Minds at Work

After Monica’s tragic death, her three male friends decide to honor her memory by publishing her work and sharing her message of female empowerment. However, when unrequited love and unchecked ambition are at play, chaos ensues, and commemoration is met with destruction.

This play is very loosely inspired by figures in the Transcendentalist Movement and has won Washington University in St. Louis’ A.E. Hotchner Playwriting Competition.

In the scene below Monica is talking to the wives of the Transcendentalist leaders, hoping to inspire them to look beyond the roles and duties society has prescribed to them.

Scene Six

Setting: A flashback to a women’s meeting at Elliot and Patricia’s house. The living room is very simple and neat except for a few books that lay on the coffee table. 

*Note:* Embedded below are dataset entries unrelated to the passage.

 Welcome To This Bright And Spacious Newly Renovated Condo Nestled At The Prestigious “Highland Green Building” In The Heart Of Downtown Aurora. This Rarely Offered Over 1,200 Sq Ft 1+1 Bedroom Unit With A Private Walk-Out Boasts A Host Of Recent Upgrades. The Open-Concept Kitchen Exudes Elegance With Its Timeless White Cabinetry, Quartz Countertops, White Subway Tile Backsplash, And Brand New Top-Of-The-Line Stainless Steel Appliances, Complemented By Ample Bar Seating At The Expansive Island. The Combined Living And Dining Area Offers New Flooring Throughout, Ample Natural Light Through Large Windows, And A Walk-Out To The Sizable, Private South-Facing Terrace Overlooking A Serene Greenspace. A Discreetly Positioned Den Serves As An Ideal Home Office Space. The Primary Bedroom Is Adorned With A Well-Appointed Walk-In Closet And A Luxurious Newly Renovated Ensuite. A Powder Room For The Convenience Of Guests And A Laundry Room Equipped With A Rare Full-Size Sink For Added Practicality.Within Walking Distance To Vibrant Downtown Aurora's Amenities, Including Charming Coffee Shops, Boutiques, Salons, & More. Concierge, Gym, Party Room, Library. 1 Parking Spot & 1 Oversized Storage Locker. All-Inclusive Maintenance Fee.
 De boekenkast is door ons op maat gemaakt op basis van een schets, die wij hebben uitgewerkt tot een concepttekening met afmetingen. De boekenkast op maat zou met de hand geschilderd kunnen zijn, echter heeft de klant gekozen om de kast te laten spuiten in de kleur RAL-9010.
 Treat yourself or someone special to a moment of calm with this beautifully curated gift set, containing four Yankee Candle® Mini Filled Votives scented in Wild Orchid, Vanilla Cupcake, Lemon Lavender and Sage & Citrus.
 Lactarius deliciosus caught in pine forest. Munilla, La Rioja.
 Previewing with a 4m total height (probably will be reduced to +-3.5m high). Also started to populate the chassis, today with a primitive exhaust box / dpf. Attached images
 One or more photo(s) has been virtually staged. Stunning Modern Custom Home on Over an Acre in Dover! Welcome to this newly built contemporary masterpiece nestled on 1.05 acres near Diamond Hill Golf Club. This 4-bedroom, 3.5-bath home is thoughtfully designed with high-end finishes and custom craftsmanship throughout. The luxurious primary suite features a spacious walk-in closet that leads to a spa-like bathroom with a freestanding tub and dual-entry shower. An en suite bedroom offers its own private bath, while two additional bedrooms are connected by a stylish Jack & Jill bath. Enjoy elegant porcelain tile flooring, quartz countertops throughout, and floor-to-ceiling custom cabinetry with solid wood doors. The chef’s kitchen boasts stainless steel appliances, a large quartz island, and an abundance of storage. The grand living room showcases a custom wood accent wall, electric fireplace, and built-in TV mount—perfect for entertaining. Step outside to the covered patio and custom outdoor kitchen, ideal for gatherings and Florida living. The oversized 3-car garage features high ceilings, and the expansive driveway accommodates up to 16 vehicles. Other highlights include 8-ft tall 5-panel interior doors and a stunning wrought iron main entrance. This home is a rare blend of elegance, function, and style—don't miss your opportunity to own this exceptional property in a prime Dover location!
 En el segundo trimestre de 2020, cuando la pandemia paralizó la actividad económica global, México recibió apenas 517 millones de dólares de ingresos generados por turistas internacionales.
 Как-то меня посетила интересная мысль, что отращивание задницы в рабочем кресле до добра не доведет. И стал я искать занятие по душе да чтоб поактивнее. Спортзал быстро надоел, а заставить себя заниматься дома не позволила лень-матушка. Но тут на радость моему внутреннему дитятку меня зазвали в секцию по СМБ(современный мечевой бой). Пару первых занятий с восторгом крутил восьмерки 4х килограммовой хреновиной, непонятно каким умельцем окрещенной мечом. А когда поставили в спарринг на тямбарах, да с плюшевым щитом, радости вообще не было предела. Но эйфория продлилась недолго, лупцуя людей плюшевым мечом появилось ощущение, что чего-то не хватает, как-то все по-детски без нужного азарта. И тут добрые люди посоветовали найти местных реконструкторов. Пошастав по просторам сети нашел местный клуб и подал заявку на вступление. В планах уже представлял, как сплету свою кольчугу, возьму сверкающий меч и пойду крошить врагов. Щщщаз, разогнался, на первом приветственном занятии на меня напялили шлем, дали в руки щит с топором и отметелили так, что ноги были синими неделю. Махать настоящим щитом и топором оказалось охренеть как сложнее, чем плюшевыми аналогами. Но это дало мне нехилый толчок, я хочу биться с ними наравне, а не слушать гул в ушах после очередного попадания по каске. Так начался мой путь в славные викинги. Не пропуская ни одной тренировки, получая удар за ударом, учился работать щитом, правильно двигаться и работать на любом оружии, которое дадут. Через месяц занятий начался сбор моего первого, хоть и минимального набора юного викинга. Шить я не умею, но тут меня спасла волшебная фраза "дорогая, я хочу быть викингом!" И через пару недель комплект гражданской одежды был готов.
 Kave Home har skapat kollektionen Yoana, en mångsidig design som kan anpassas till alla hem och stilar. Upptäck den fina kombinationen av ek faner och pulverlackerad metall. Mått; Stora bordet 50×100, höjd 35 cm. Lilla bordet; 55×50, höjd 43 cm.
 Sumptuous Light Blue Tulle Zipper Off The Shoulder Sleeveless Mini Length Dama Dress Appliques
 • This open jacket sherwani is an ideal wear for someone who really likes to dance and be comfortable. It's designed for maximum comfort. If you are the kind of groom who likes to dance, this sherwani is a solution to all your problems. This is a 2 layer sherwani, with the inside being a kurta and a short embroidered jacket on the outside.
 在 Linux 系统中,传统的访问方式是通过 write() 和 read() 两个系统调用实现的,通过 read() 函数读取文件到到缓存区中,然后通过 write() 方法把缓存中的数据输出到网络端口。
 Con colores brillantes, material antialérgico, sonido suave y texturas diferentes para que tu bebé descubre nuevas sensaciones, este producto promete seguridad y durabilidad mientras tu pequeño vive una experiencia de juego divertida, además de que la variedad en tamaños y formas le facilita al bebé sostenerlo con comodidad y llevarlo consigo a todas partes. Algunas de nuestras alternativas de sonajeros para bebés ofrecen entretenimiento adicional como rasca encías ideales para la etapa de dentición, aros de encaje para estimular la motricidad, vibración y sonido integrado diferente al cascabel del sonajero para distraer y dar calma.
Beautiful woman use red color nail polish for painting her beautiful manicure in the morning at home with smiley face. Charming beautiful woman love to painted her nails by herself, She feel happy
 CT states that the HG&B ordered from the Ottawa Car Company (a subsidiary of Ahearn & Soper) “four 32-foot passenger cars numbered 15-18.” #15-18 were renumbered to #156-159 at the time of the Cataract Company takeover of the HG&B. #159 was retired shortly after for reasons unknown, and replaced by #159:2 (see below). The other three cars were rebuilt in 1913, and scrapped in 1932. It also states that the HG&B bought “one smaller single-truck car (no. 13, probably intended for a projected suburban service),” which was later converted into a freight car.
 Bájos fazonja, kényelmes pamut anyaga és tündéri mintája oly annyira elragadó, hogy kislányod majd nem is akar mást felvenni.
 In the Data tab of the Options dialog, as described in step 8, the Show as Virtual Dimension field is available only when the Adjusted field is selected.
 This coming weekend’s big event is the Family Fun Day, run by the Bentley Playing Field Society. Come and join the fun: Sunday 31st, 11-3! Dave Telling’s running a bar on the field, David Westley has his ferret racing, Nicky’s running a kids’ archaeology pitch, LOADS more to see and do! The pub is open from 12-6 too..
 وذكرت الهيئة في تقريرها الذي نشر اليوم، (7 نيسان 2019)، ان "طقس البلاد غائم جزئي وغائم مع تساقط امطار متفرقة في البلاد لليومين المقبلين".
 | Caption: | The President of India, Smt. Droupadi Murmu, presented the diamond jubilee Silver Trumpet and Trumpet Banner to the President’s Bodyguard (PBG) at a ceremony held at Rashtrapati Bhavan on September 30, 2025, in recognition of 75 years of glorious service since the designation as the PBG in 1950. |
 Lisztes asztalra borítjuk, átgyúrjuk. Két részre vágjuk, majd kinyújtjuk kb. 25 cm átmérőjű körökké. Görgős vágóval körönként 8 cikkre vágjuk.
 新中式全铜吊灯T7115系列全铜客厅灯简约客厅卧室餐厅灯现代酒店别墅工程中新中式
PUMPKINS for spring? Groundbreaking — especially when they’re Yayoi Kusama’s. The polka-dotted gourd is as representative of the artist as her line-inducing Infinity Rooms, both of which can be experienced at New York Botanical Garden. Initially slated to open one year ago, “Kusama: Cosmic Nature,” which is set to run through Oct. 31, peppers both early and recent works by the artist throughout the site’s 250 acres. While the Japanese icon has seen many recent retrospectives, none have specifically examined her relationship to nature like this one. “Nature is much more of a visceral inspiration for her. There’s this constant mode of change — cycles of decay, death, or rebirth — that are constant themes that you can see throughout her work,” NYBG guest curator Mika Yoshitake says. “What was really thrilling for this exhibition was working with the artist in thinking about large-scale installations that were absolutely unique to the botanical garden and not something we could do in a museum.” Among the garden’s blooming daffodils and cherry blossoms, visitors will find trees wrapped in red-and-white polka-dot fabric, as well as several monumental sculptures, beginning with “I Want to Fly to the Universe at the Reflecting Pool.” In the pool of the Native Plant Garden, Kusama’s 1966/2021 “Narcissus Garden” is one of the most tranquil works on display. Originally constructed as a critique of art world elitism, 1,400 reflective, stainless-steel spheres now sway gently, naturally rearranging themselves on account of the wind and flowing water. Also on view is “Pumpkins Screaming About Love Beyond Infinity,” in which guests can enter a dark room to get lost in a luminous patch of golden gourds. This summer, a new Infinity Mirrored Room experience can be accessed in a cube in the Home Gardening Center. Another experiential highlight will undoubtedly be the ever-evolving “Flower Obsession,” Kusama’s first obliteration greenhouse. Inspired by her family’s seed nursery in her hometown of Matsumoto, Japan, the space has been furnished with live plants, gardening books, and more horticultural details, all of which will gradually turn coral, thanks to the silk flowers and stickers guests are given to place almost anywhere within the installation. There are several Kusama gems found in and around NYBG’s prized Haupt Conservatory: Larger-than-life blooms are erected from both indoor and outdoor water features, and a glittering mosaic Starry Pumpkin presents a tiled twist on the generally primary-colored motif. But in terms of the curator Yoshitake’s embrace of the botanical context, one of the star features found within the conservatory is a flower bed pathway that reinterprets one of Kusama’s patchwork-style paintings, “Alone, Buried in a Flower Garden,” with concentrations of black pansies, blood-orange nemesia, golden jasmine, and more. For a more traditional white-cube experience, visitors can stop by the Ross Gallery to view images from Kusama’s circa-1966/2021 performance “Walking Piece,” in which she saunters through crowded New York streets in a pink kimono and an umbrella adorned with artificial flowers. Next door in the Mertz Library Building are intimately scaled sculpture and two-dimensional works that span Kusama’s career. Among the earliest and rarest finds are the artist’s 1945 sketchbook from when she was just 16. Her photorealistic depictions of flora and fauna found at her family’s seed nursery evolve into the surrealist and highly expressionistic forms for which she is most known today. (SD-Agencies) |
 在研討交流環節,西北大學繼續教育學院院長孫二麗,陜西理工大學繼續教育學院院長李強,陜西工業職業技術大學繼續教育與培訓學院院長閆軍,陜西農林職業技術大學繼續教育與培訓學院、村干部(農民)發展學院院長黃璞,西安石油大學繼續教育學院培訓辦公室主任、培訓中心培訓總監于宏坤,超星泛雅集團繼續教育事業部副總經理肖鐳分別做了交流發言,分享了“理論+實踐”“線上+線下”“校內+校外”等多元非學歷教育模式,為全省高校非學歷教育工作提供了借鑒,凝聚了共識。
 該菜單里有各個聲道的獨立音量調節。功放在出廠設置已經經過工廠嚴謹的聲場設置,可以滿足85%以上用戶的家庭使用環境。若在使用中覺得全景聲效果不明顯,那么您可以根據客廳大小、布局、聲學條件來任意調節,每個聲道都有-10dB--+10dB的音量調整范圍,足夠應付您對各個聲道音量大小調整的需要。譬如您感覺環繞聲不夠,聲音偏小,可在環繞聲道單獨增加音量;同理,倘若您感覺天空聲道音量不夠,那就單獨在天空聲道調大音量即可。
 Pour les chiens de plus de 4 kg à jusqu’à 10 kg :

At Rise: Patricia, Monica, Eileen, Gertrude, and Alexandra are all sitting 

around the den enjoying tea and conversing.

EILEEN

Thomas really gets on my nerves about it. I understand that he is finding himself, but he cannot just abandon his duties to me and the children. He is their father.

GERTRUDE 

I completely understand.

ALEXANDRA

I said the same thing to Henry.

EILEEN

Did it help? Did he change?

ALEXANDRA 

Um… In some ways. He took Daniel with him when he went on his “thinking walks”.

EILEEN

Is that the best they can do? I mean… Well Patricia, is Elliot this way?

PATRICIA

Oh… um… He is a very good father.

GERTRUDE 

But does he spend time with you and the kids? Richard does not even seem happy at dinner. It is as if it were a burden in his day to be around us.

ALEXANDRA

And the second dinner is over, they are off again into their studies.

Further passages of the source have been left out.